At First Hate by K.A. Linde
Interlude
When I was a child, I’d loved to play tea party with Gran. Not the British stuff that would have made me posh, but good, cold, sweet tea made with buckets of sugar. I’d pour it into our plastic cups and hold a pinkie out and beam, speaking in some fake British accent that was definitely more Scarlett O’Hara than Queen Elizabeth.
Then one day, I decided I was too old for the plastic tea set. Gran wasn’t around, but I wanted to play. And I wanted to use her porcelain set. The one she’d gotten as a wedding gift. Passed down from one generation to the next. It had a blue floral design and was the prettiest thing I’d ever seen. Also one of the few things I’d been explicitly told not to touch. Though I was sure they would one day be mine.
Since I knew how important it was, I took out the tea set with care, cradling it against my chest like it was life or death. At the time, it felt like it. Then, I poured myself the sweet tea, getting back into the fun of the game. I laughed and played as if I were allowed to use something this important every day.
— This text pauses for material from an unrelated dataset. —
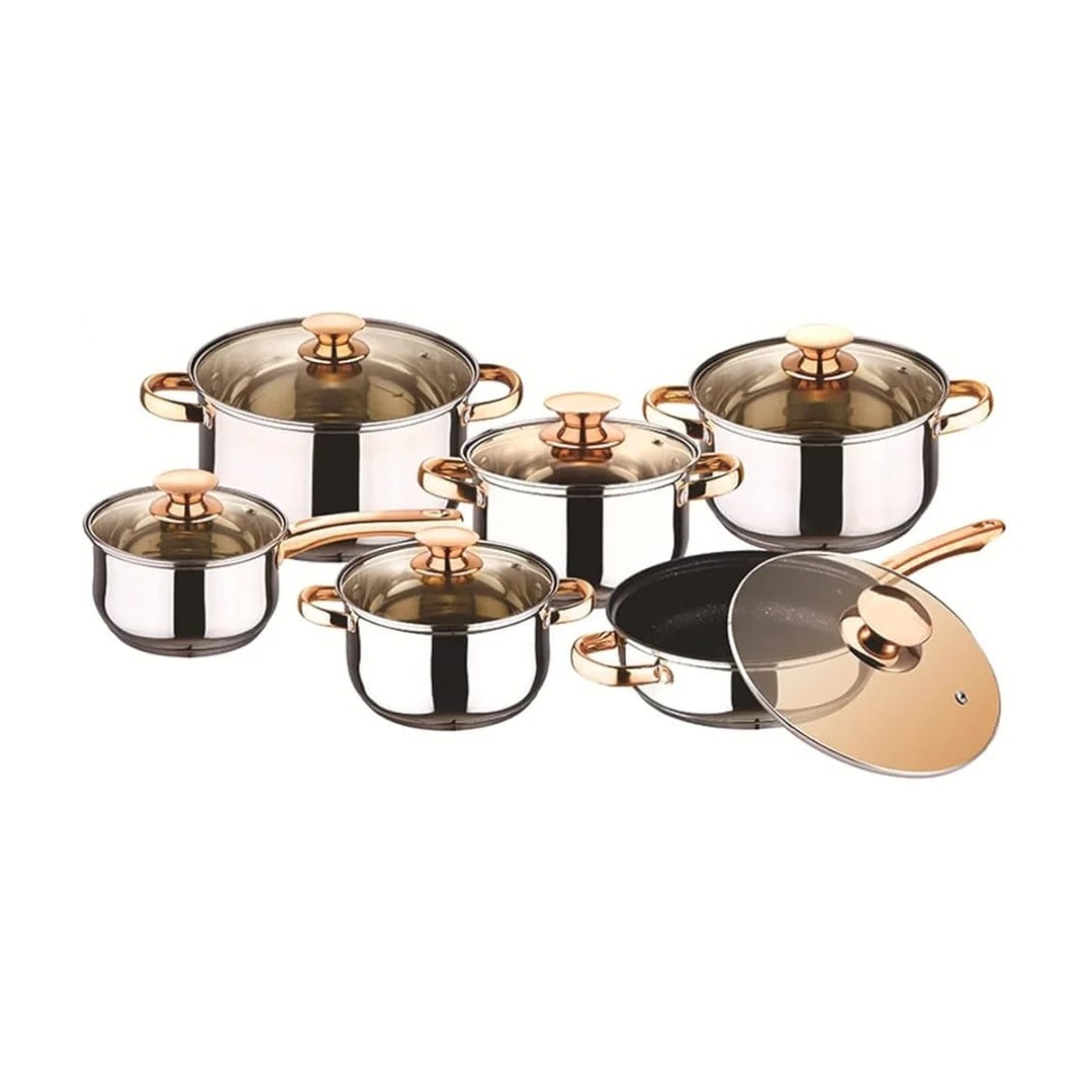 The Kaisa Villa 12-Piece Stainless Steel Induction Bottom Cookware Set | For All Stovetops is designed for modern home chefs and culinary enthusiasts who need versatile, durable, and efficient cooking tools. Featuring 100% food-grade stainless steel construction and an induction bottom for universal compatibility, this model ensures an elevated culinary experience with both style and performance. Upgrade your setup today with Azzaman Household.

I’d never know exactly what it was that shook me so much. Maddox startled me, but I’d heard his clomping steps. I should have known he was coming. But one minute, I was holding the teacup, and the next, the glass slipped out of my hand. I wasn’t fast enough by any stretch of the imagination to keep it from falling. The cup crashed to the floor, spilling tea everywhere and leaving broken china in tiny pieces.
When Gran found me, she was furious. But no one was as hard on me as myself. No one ever would be again. I’d taken something delicate and fragile and important and watched it be destroyed by my own carelessness.
So, when Derek and I began a relationship, I knew it was a china set just like the one Gran had. Precious and irreplaceable. I held it with care. I kept it safe. And I waited for the moment when it would shatter.